The "ts200f" is the automatically generated organization name given to my instance of Watson IoT. The easiest place to find the organization name of your instance, is to look in the address bar of your browser. Your organization name will be the first part of the domain.

The "Photon" part of the client ID is the device type (not the instance). This is the device type we created earlier.

The "WebVisions" part of the client ID is the device ID. In deployment, you would want to have the "WebVisions" part of the string be unique across all possible device instances for this device type. You might accomplish this with a random number, UUID, MAC address, serial number, timestamp, or any other approach.


The host in the code above is "". I talked about where to get the organization name of your Watson IoT instance in the previous section. Just in case, you can find it as the first part of the domain in the address bar of your browser.


Remember that token we generated when we created an instance of a device type? The token I warned you that you would need again, and only be able to see that once? Yeah, that token is your password when connecting with devices. When connecting as an application, you will use an API key and token from "Access" screen of Watson IoT.

Publish Topic

Just as the client ID is very specific, so is the topic naming when it comes to Watson IoT. In the above code, I use "iot-2/evt/count/fmt/json".
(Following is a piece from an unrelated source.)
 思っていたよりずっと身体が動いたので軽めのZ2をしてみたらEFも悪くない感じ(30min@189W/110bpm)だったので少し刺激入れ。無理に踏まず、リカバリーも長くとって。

Watson IoT devices have the option of publishing events, or subscribing to commands (e.g. update). Applications by contrast can publish and subscribe to events and commands (and more).
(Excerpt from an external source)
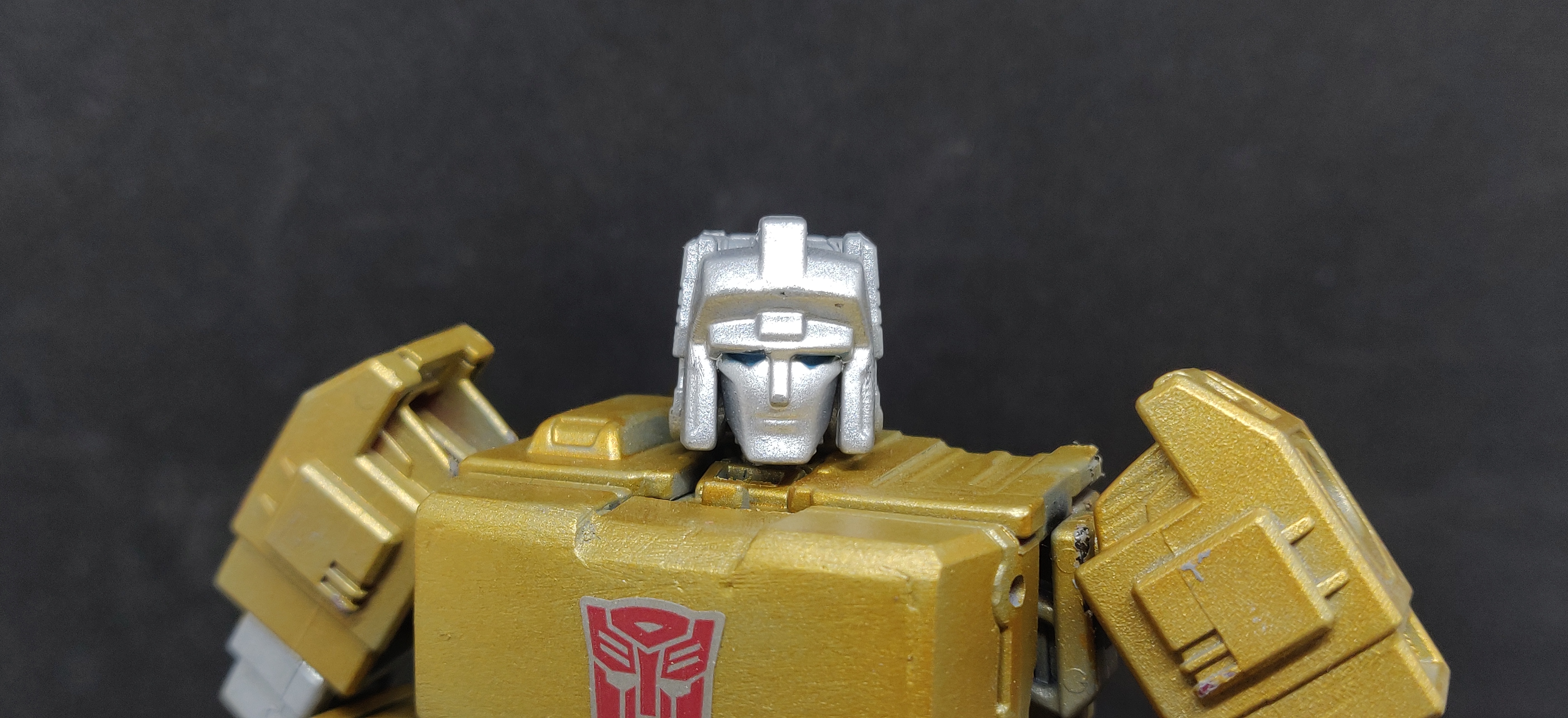 So thought I'd make the founder of my favourite autobot team good old Entire Xaaron but why not make him a Titan master. The based figure is that of TR Perceptor modified some the dials on his arms removed and his chest being filled in, the Head is that of the Titan master Ptero set just painted to match, I've gone for a darker gold look to make him sorta fit in my display a bit better.

What is the difference between an application and a device? Largely the format of the client ID, and the username/password provided. A Particle Photon could just as effectively behave as an application. We are treating it as a device for the example, which is why the "subscribe" line is commented out.

Since we are treating this Photon as a device, it can only publish events, so the first two parts of our topic name will always be "iot-2/evt/". The next part is an event name, which you can name to match your specific needs. And then finally, we will be publishing JSON formatted messages, so the last part of the topic name is "/fmt/json".
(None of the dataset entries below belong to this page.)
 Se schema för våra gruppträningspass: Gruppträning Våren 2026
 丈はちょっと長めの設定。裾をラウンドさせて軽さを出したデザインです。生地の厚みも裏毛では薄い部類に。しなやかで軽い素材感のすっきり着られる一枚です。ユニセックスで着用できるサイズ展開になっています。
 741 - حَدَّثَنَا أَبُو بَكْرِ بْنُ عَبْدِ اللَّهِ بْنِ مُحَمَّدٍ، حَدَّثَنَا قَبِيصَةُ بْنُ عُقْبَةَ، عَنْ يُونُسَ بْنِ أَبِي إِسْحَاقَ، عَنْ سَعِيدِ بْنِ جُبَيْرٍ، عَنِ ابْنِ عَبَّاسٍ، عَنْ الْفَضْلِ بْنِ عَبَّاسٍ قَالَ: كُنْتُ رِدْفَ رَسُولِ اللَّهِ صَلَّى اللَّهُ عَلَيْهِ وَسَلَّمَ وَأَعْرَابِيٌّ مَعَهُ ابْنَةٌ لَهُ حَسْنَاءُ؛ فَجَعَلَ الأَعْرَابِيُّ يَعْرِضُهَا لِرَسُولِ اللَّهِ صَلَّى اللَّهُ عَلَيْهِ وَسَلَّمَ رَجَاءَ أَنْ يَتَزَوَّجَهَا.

You do not have to use JSON, and can find other options in the documentation, but JSON messages can be stored directly by Watson IoT (optional).


When connecting as a "device" the username will always be "use-token-auth". Combined with the specific client ID, and the token used for the password, this allows Watson IoT to authenticate your specific device.

When authenticating as an application, an API key and additional token value will be used as username and password. This is useful if for example you are using Node-RED to handle messages, or have a browser-based application using the Eclipse Paho MQTT library for JavaScript.

Instantiate Client

The remainder of the code should be self explanatory. We will create an instance of the MQTT client, connect to Watson IoT, and publish a message once every second.

The client instantiation requires a callback function for when messages arrive from a subscribed topic. Since "devices" cannot subscribe to topics within the context of Watson IoT, the callback is never used. If you were treating this Photon as an "application" then you would be able to subscribe to events and callback handler would be used.

Next Steps

With the Photon code flashed to the physical device, and connected to Watson IoT, head back to the management console. If you still have the "Photon" instance selected, you will now see messages start showing up under the "Recent Events" and "Sensor Information" sections. If there was an error connecting, you can scroll down and check out the connection log.

From here you would likely connect some other client to Watson IoT - probably as an application. The client ID, username, and password connection strings would need to be changed, and then you could event connect the Photon to Watson IoT. Anything that can connect to an MQTT broker can participate in the conversation.

Using a publish/subscribe pattern is an immensely powerful foundation for high-performance, event-driven application - IoT or otherwise. The pattern allows you full decoupling of microservices, and can take you down the path of reactive programming. Skills that once mastered make testable, Web-scale applications, a snap.